It's important to first determine what environment in R you're programming in. Are you in dplyr or base R? If in dplyr, then reference the documentation for programming with dplyr, rlang, glue, and this stackoverflow answer. If in base R, reference the documentation on non-standard evaluation, especially wrapping quoted columns in as.character(substitute())

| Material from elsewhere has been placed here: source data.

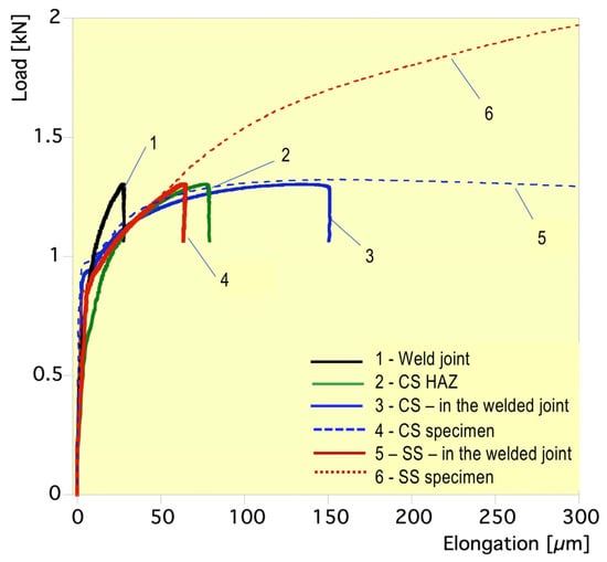 Tensile load–elongation curves of distinct areas from the laser-welded joint of CS-SS thin plates (1–4) and of the CS (5) and SS plates (6) for a 1 mm strain gauge.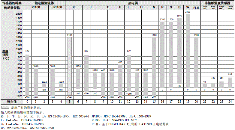 热电偶 :K、J、T、E、L、U、N、R、S、B、W、PLⅡ 铂电阻测温体 :Pt100、JPt100 非接触温度传感器(ES1B):10~70℃、60~120℃、115~165℃、140~260℃ 模拟量输入 电流输入:4~20mA、0~20mA 电压输入:1~5V、0~5V、0~10V、 0~50mV(0~50mV仅E5CC-U可使用(2014年5月起生产)) |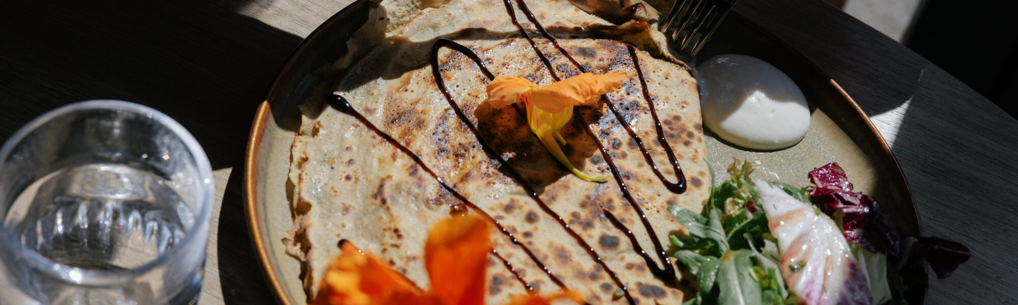 Café och Creperie med utsikt över de skickliga glashantverkarna hos Orranäs Glasbruk.

and wrapping functions with unquoted columns in eval(substitute())
.
It should be noted that both of the approaches above involve non-standard evaluation. Another approach is use standard evaluation (or some "combination" of standard evaluation and non-standard evaluation). For example, see the issue raised in this link.

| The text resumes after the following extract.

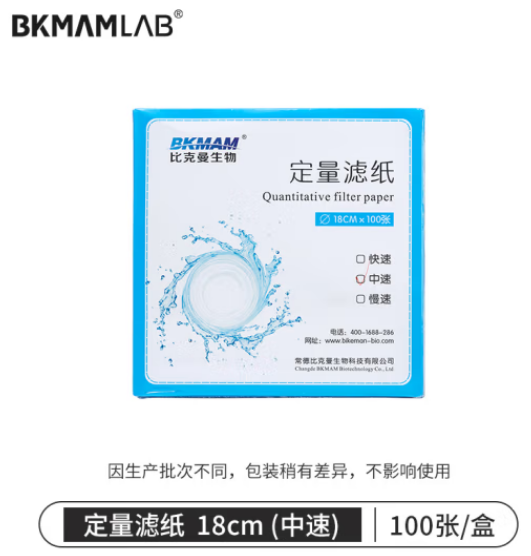 首页 > 仪器仪表 > 生物、医学样品制备设备 > 比克曼生物(BKMAM)定量滤纸快中慢速圆形加厚大张试纸机油检测化学实验室 18cm(中速) 100张/盒 (zhyghf_221721181)SKU:yzwhyp883461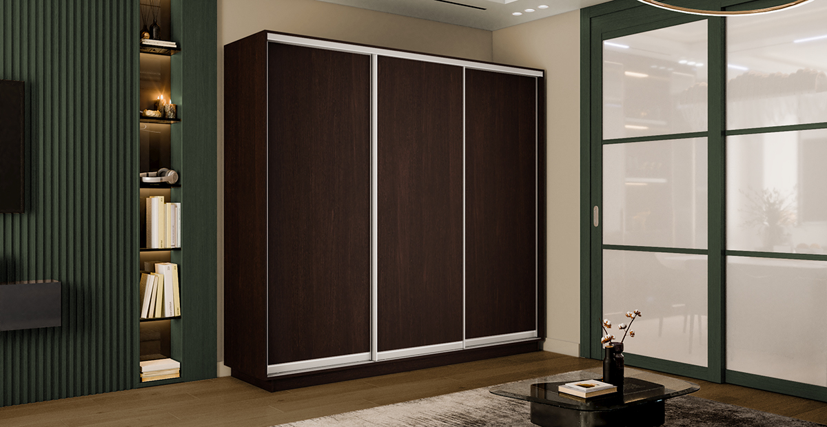 Шкаф-купе Гост – образец практичности и элегантности. Он вместительный, удобный и долговечный. Дверцы по надёжным направляющим двигаются плавно. Защитные шлегели на краю профиля уберегут содержимое от пыли. Сам алюминиевый профиль анодирован – защищён от коррозии. Цоколь позволяет поставить шкаф вплотную к стене, что хорошо смотрится и экономит место.

Reasons for this question come, at least partially, from environment confusion. Here are some of the different approaches in a reprex.
Data
my_df <-
data.frame(
matrix(
c(
"V9G","Blue",
NA,"Red",
"J4C","White",
NA,"Brown",
"F7B","Orange",
"G3V","Green"
),
nrow = 6,
ncol = 2,
byrow = TRUE,
dimnames = list(NULL,
c("color_code", "color"))
),
stringsAsFactors = FALSE
)
Packages
library(collapse)
library(dplyr)
library(stringr)
library(glue)
Functional Programming in base R (non-standard evaluation)
with a quoted column name:
my_func <- function(df, col) {
col_char_ref <- as.character(substitute(col)) #Use as.character(substitute()) to refer to a quoted column name
df %>%
collapse::na_omit(cols = col_char_ref)
}
my_func(my_df, color_code)
#Should generate output below
my_df %>%
collapse::na_omit(cols = "color_code")
and with a non-quoted column name:
my_func <- my_func <- function(df, col){
df <- df # This makes sure "df" is available inside the function environment where we evaluate the ftransform expression
eval(substitute(collapse::ftransform(df, count = stringr::str_length(col)))) # Wrap the function to be evaluated in eval(substitute())
}
my_func(my_df, color)
#Should generate output below
my_df %>%
collapse::ftransform(count = stringr::str_length(color))
Functional programming in dplyr (non-standard evaluation)
with a quoted column name using glue and dplyr functions:
my_func <- function(df, col1, col2) {
df %>%
mutate(description := glue("color code: {pull(., {{col1}})}; color: {pull(., {{col2}})}"))
}
my_func(my_df, color_code, color)
#Should generate output below
my_df %>%
mutate(description = glue("color code: {color_code}; color: {color}"))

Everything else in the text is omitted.